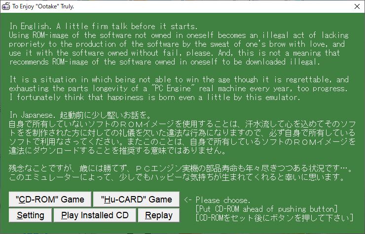 個人的にPCエンジンエミュは「Ootake」をずっと使ってます。CD-ROMもHuカードも問題なく動くし更新も頻繁に行われています。
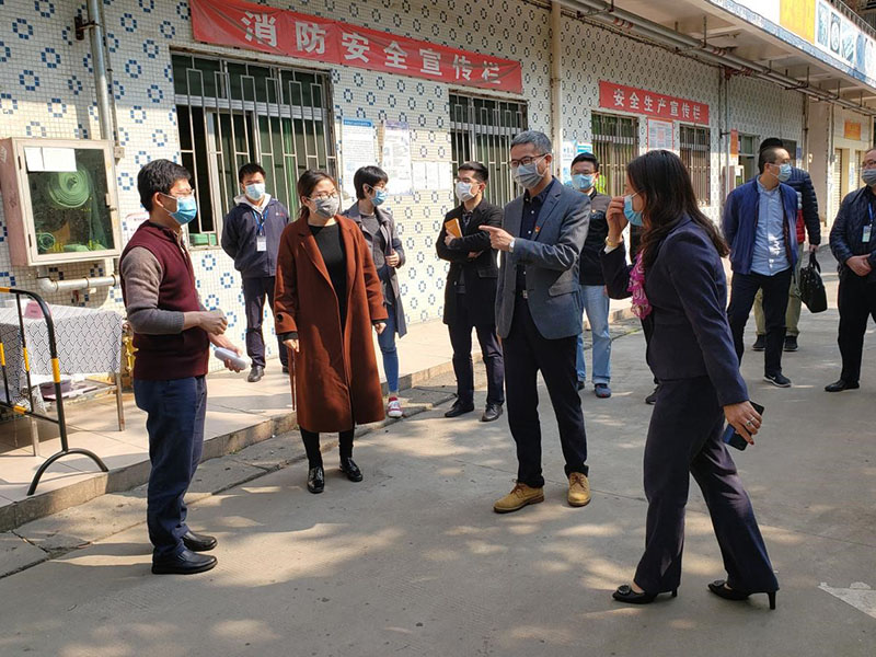 公司高管陪同市領(lǐng)導參觀(guān)了注塑、模切、組裝車(chē)間、公司食堂等區域。參觀(guān)結束后的溝通會(huì )議上,人力資源部經(jīng)理周旋就公司復工防疫落實(shí)情況向市領(lǐng)導進(jìn)行了匯報,包括防疫小組成立情況、公司的防疫方案、防疫物資準備情況、廠(chǎng)區食堂及宿舍人員管控和安排情況、公司履行社會(huì )責任的捐贈情況,以及公司目前存在的需要政府支持的困難。
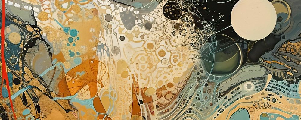 Détails : abstrait, moderne, or, rouge, bleu, terre, texture, cercles, lignes, panorama, Groovy Champagne
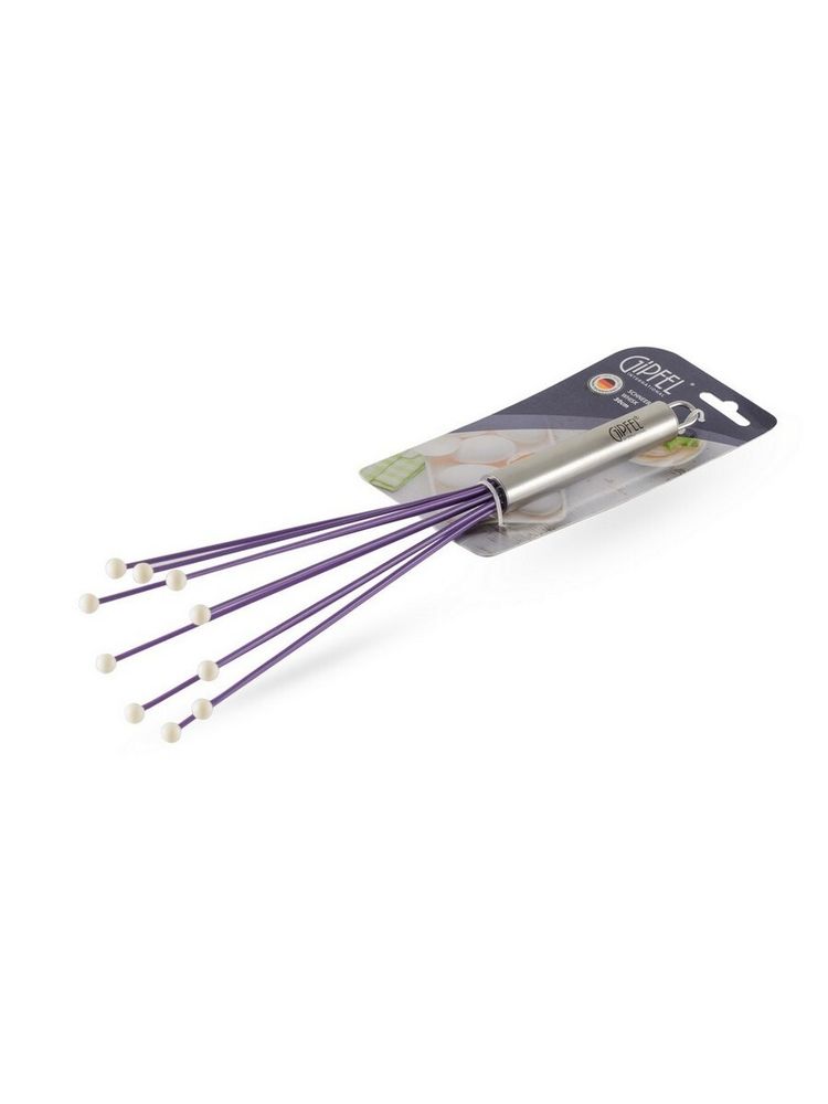 Венчик GIPFEL 9309. Размер венчика 30см. Венчик имеет оригинальное дизайнерское решение: его рабочая поверхность состоит из десяти пластиковых прутьев с шариками на концах. Его очень легко очищать от остатков взбиваемого продукта, будь то омлет, крем или тесто. Ручка сделана из нержавеющей стали. На ручке имеется петля для подвешивания аксессуара. Рабочая поверхность сделана из пластика и силикона.
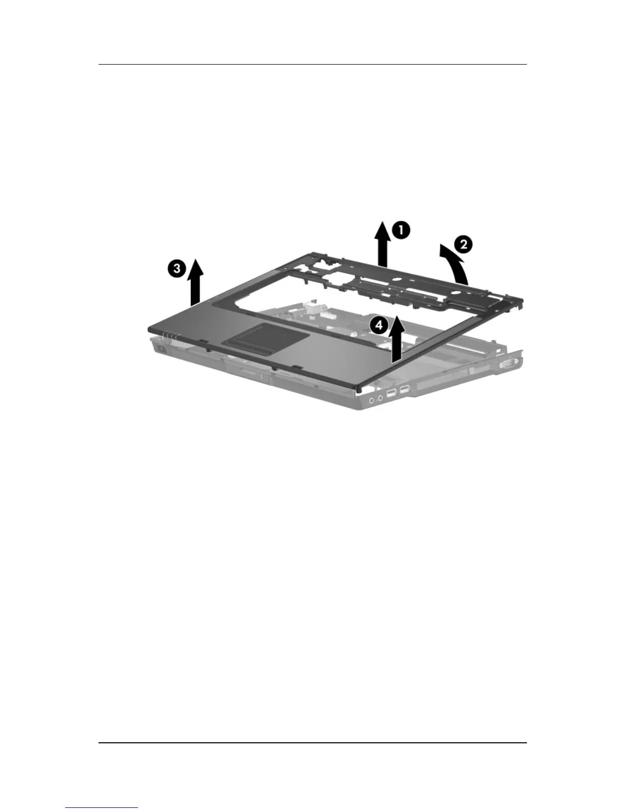 8. Lift up the rear edge of the top cover 1 until it disengages

ASSIGNMENT -
Pictures excluded, copy exactly the lines running from the one with "panorama, Groovy Champagne" through the last line of the material.

YOUR RESPONSE -
 Détails : abstrait, moderne, or, rouge, bleu, terre, texture, cercles, lignes, panorama, Groovy Champagne
 Венчик GIPFEL 9309. Размер венчика 30см. Венчик имеет оригинальное дизайнерское решение: его рабочая поверхность состоит из десяти пластиковых прутьев с шариками на концах. Его очень легко очищать от остатков взбиваемого продукта, будь то омлет, крем или тесто. Ручка сделана из нержавеющей стали. На ручке имеется петля для подвешивания аксессуара. Рабочая поверхность сделана из пластика и силикона.
 8. Lift up the rear edge of the top cover 1 until it disengages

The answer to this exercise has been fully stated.